My family and friends would make negative comments, concerning my health. Over time, I began taking their words to heart. “Mary, you poor dear, you look so rundown. I feel so sorry for you. Oh, my, you labor so hard to breath.”
Not only had I taken their words to heart, but also I believed them. Why not? They were people who loved me. Between my loved ones and my own negative thoughts, I did not stand a chance to live.
Survive; sure, I could survive in quicksand. Quicksand is a dangerous hidden trap that pulls you to your death. I was sinking in self-pity and fear. They too, are like quicksand, except, they break your spirit, causing some to commit suicide. Once you start sinking, it’s hard to kick your way back-up.

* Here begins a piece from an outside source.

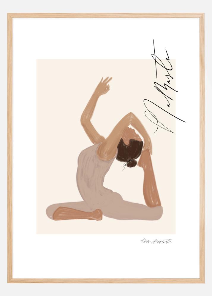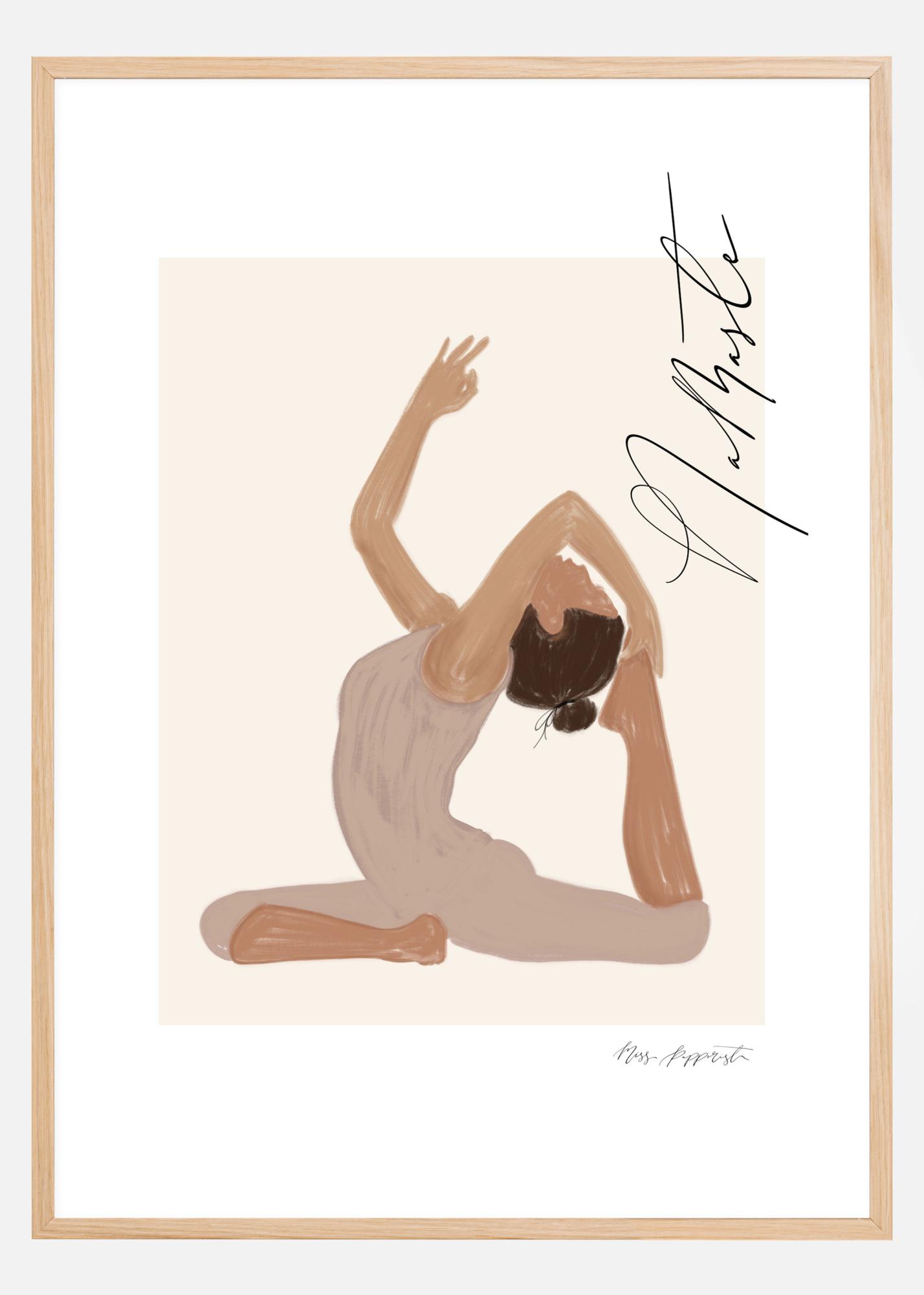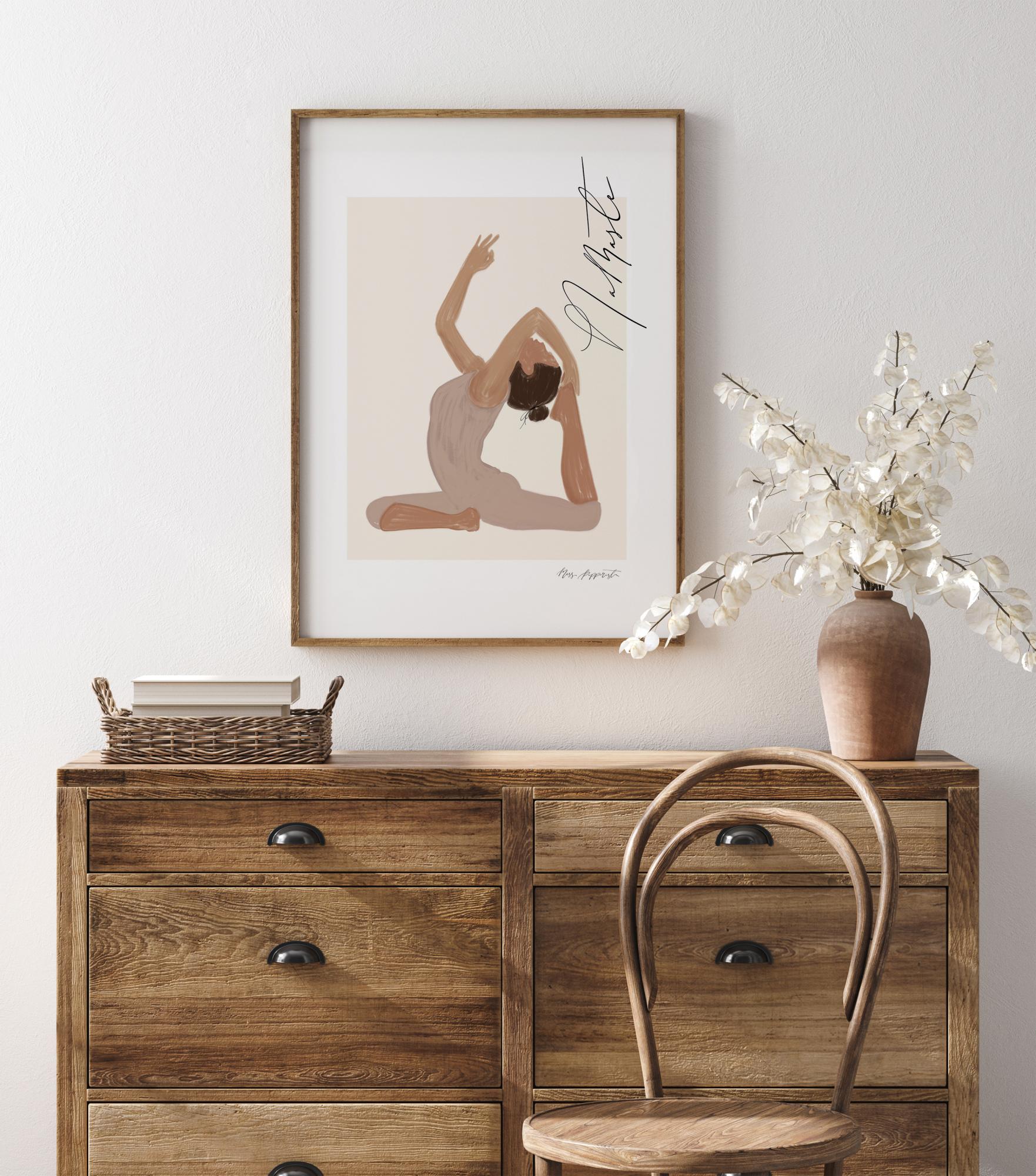 Plakat graficzny w delikatnych pastelach, przedstawiający kobietę w pozycji jogi z przesłaniem "Namaste" (Kłaniam się Tobie) w pięknej kaligrafii. Harmonijny i spokojny motyw oprawiony i podkreślony szerokim passepartout w kolorze białym, stworzony przez Jenny Skantz, Miss Papperista.

I was ready to have a big pity party. No, no need to invite others I had plenty. Then, I realized what I was doing. I was going against something that I held dear . . . my morals. What happened to my faith? How did the enemies of God sneak up on me?
Why do I call these negative feelings enemies of God? First, we understand that God is holy. His Spirit is positive energy, thus, nothing negative can come from Father God. Now I pray my confession will help others not to make the mistakes, I made.
I gave self-pity and fear permission to break my spirit, by believing everything negative that was said. Individuals, including our loved ones do not realize how powerful their words are. They would never intentionally hurt us, but we must be more aware of our word choices. As for myself, I was the one most at fault. I was well aware of these things, I had even written on the power of words, yet, in my weakness. . . .
I started crying and lifted my voice up to God. Through my tears, I went before the throne of grace. I confessed my weakness and took back my boldness of spirit. I decided not to allow COPD to run my life, but by God’s mercy and grace, I would run it.
I stand today, as a fearless warrior in the army of God. Fear has no place in this warrior’s life. Yes, I will live and not just survive.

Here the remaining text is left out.